Familiar uses Apple's native OCR, deletes screenshot images after 48 hours, and redacts passwords/credit card numbers/SSNs/API tokens/etc. We'd love contributions on what else to block: https://github.com/familiar-software/familiar/tree/main/src/... or in general ways to improve privacy.
We stand on the shoulders of giants: screenpipe, rewind, dayflow, etc. Since then: 1) Local agents got good at handling massive amounts of messy text files 2) Local agents have their own memory and skills systems
Familiar is our "bitter lesson" version: just hand over context and get out of the way. The right way to do that piece is open source/free/offline.
$gisanokharu 5 hours ago

screen capture every 4 seconds is a lot of data accumulation for agent context. how are you handling sensitive information appearing on screen. are you filtering anything before it hits the markdown, or is that on the user to manage
[-]
- $maxvovshin 5 hours ago
  
  Hey, Maxim here, co creator of familiar together with Tal. So I’ve been running it for a few months now, it occupies a total of 400 MB so far, which is really low. There are many files but they are tiny. We’ll probably introduce additional cleanup mechanisms after a year or so.

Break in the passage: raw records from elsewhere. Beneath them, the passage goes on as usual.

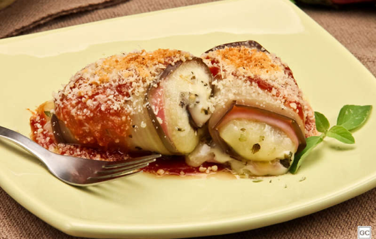 Enroladinho de berinjela com presunto e queijo | Foto: Guia da Cozinha
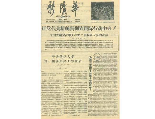 《新清华》刊登的刘冰所作第一届党委工作报告。
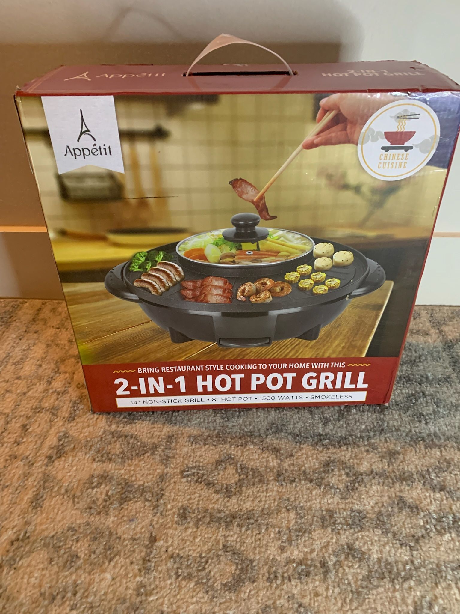 Date night just got better. Grill and hot pot in one — 14” non-stick grill surface surrounds an 8” hot pot for soups or fondue. 1500W, smokeless, slide-out drip tray, and temperature knob. New in box! Retails for $60–70!
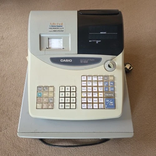 Casio Electronic Cash Register TE-100 With Till Rolls / Keys For A Shop Working
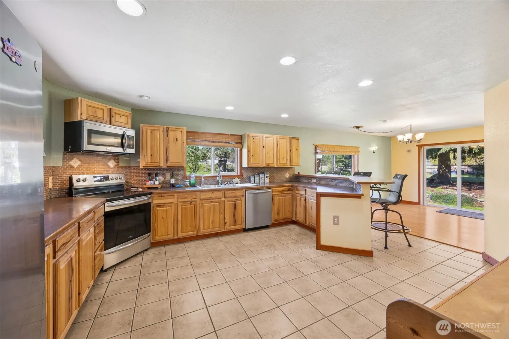 Custom gated home in the heart of Rainier on two parcels = .77 acres! This unique property features multiple detached garage/shops for hobbies or storage, primary bedroom + 2 others on the main floor & a circular driveway for easy access, large garden area + bonus room in lower level. Upstairs there are two nice sized areas for a home office space or play room. The basement is fully finished into a large bonus room with pool table included. Upgrades in this home are a new free standing stove, minisplits, custom log staircase, wood burning stove in detached shop. Enjoy the outdoors here with a beautiful garden space, mature landscaping & room to grow! Located in town with a country feel, this home combines functionality, comfort & character.
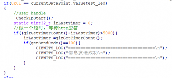 因硬件还没搭接,所以我将上述代码加在int8_t ICACHE_FLASH_ATTR gizwitsEventProcess(eventInfo_t *info,uint8_t *data, uint32_t len)中
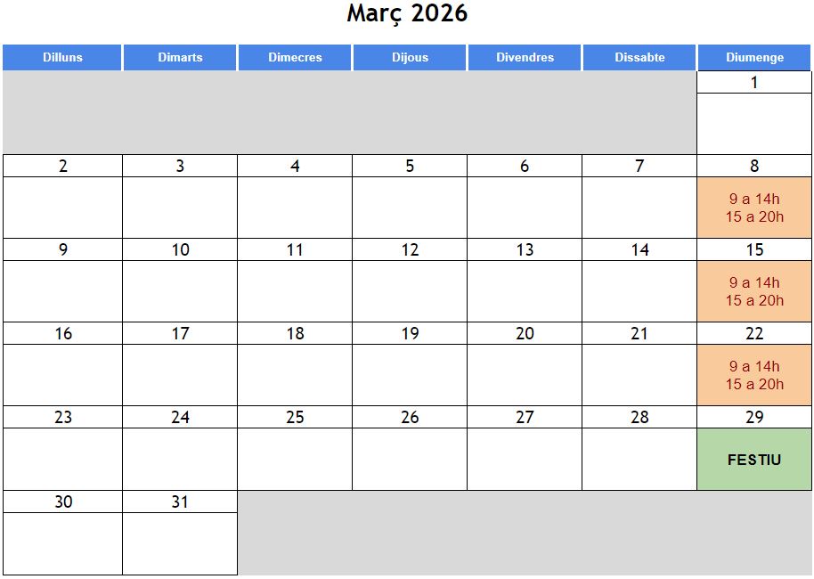Horari: diumenges presencials de 9:00 a 20:00h (L'horari de les sessions online seran de lliure elecció per l'alumne/a. La data límit per presentar la part Online és l'últim dia de curs.) Data inici: 8 de març de 2026 (Festiu el diumenge 29 març i 5 d'abril) Data finalització: 17 de maig de 2026 Lloc: Aula Escola de Monitors; Carrer Pallars, 390, 08019 Barcelona + ONLINE Promoció Amics: Porta 2 amics o més i cadascun de vosaltres gaudirà d'un descompte directe de 30 € per persona. **Per a poder gaudir d’aquesta oferta, serà necessari enviar-nos un correu amb els noms dels teus amics abans d’inici la formació. |
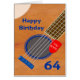 64th Birthday card for someone who loves the guitar. A close-up of a guitar with a plectrum tucked into the strings. On the plectrum are the words 'You Rock'. A birthday card for a musician who loves the guitar.
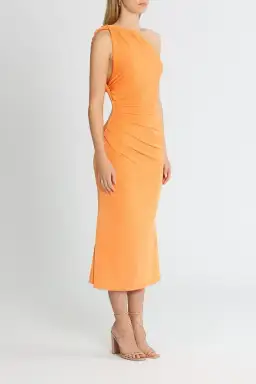 Command attention at the event with the stunning Dune Dress by Misha. Crafted from a sleek fabric, it showcases a twisted one-shoulder design, waist gathering, and a graceful midi-length hemline. This dress is an ideal choice for renting at your next daytime occasion. The dress highlights a one-shoulder neckline, a midi length, and gathering details on the bodice.
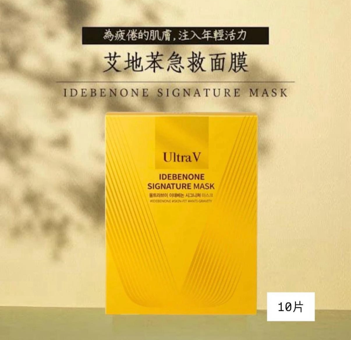 Ultra V艾地苯黃金面膜(1盒10片) 【艾地苯成份】- 極高抗氧化功效 此面膜是一種活化肌膚,抗衰老的面膜 含有高濃度艾地苯抗衰美白補濕精華,只需15分鐘,極速滲入肌底,極速急救衰老皮膚 更多詳情 主要成分: 艾地苯:強效抗氧化劑,有助於防止過早衰老,減少皺紋 EGF:含有細胞生長因子,恢復和恢復受損皮膚 透明質酸:有助於滋潤和抗衰老,滋潤肌膚 膠原蛋白:令肌膚豐滿,光滑,有彈性,緊緻,防止皺紋出現。 幫助皮膚迅速恢復彈性 玫瑰精華:含有大量維他命C,強效抗氧化劑,可減少粉刺形成 水果提取物: 具有抗氧化作用,令細胞有抗衰老作用 功效: 出色的水分供應,增加皮膚彈性 抗衰老,預防皺紋形成 天然提亮美白肌膚 滋養和恢復肌膚幼嫩
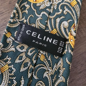 In pristine condition, 100% silk Celine tie. Gorgeous colors, of green, gold and beige. Rope details intertwined with iconic Celine gold ring.
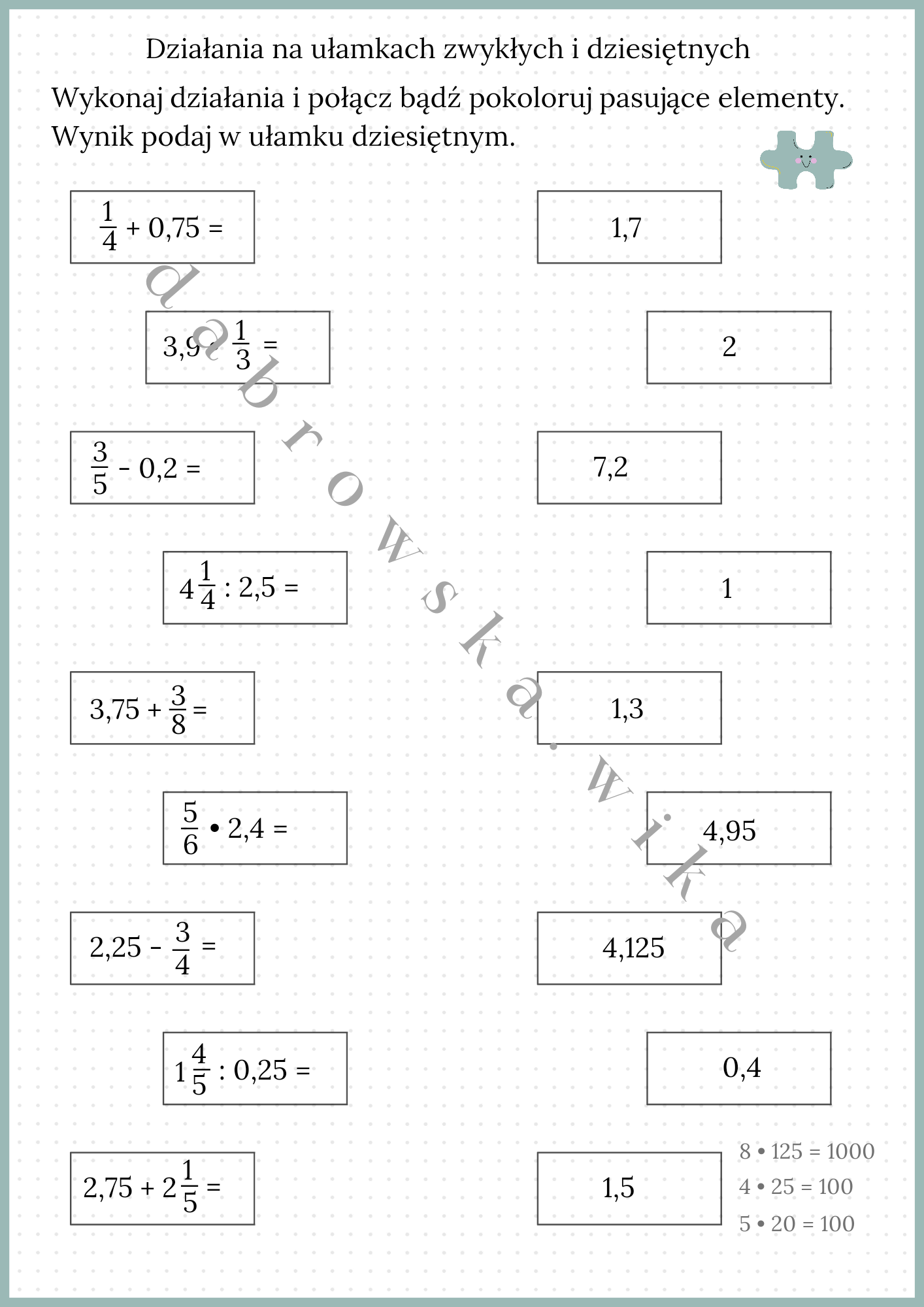 Materiał zawiera kartę pracy z tematu działania na ułamkach zwykłych i dziesiętnych.
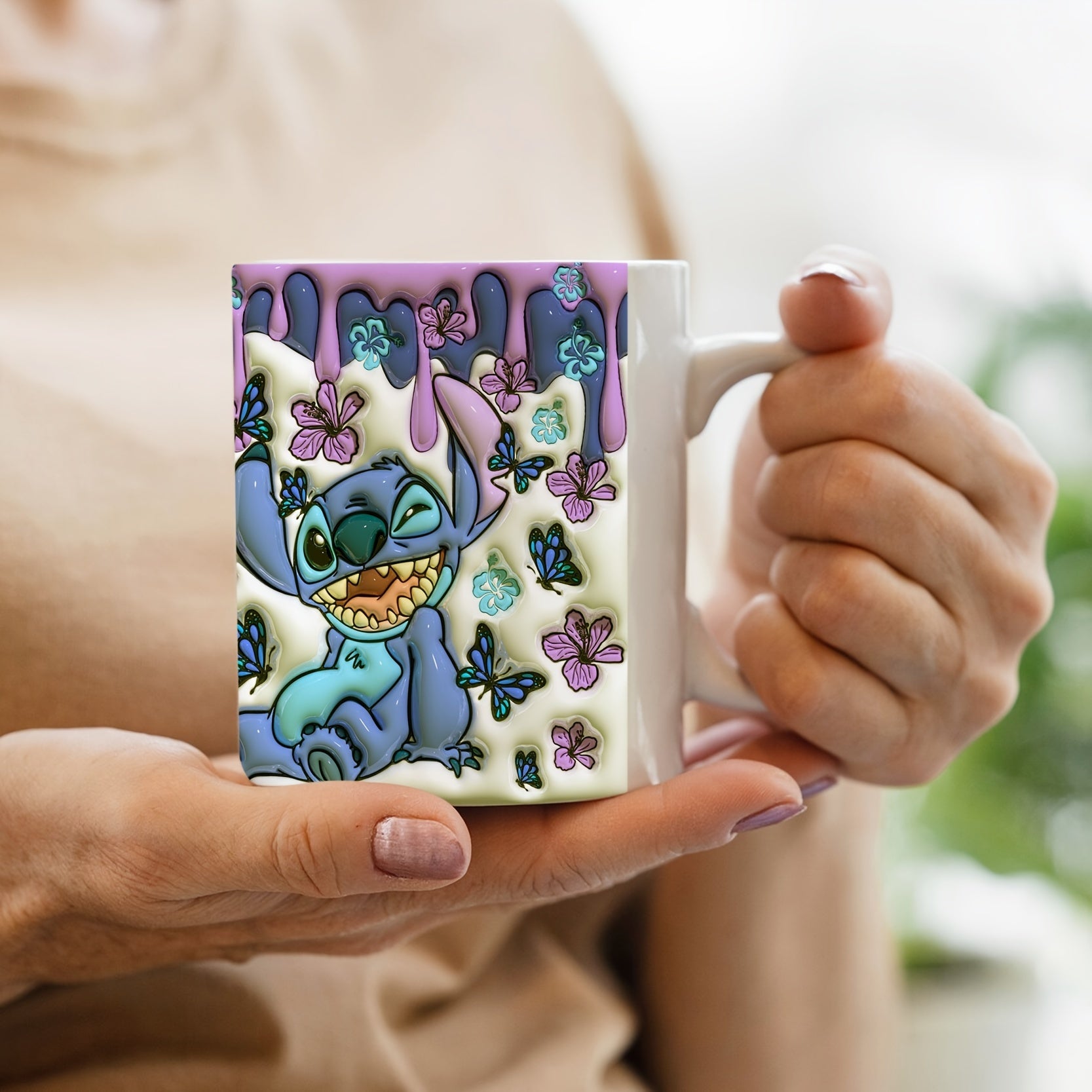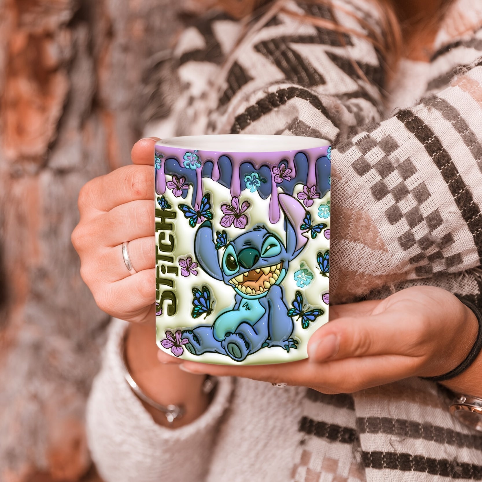 1pc, 11oz Printed Blue Sticky Notes Pattern Ceramic Mug, Portable Wide Mouth Coffee Cup, Water Cup, Suitable Gift For Family Friends, Summer Essential, Back To School Supplies, Apartment Essentials, College Dorm Essentials
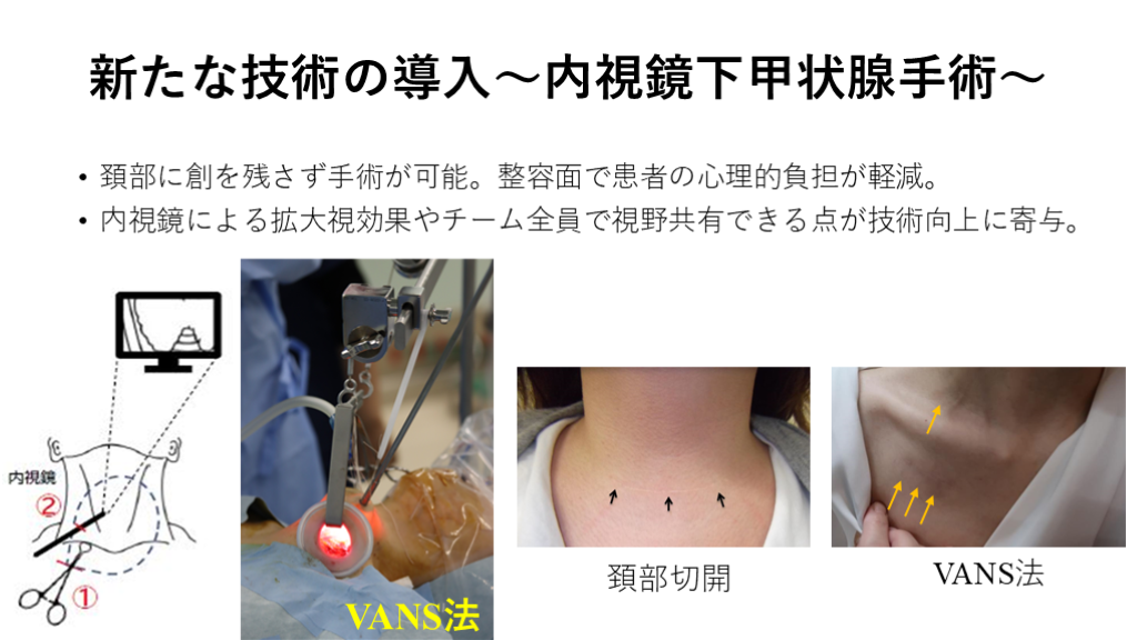 #11. 新たな技術の導入~内視鏡下甲状腺手術~ 頚部に創を残さず手術が可能。整容面で患者の心理的負担が軽減。

  Regarding sensitive information, we allow adding apps into a black list which prevents from screenshots being taken when those apps appear on the screen. Additionally we have redaction mechanisms for all screenshots that remove secrets, tokens and credit card numbers. You can check the code for all patterns we detect and if anything is missing feel free to open an issue.
  [-]
  - $maxvovshin 4 hours ago
    
    regarding the handling of the large context, you'll be surprised how well agents can filter those files with simple bash commands. also, as models get better and have larger window context, it gets much better at handling and findings all of the relevant context.
$rechadkkk 6 hours ago

interesting idea, is this only for Apple, could I try on Windows?
[-]
- $maxvovshin 5 hours ago
  
  Hey, Maxim here, co creator or Familiar together with Tal.
  Right now it’s only for Apple since we utilize apple specific APIs.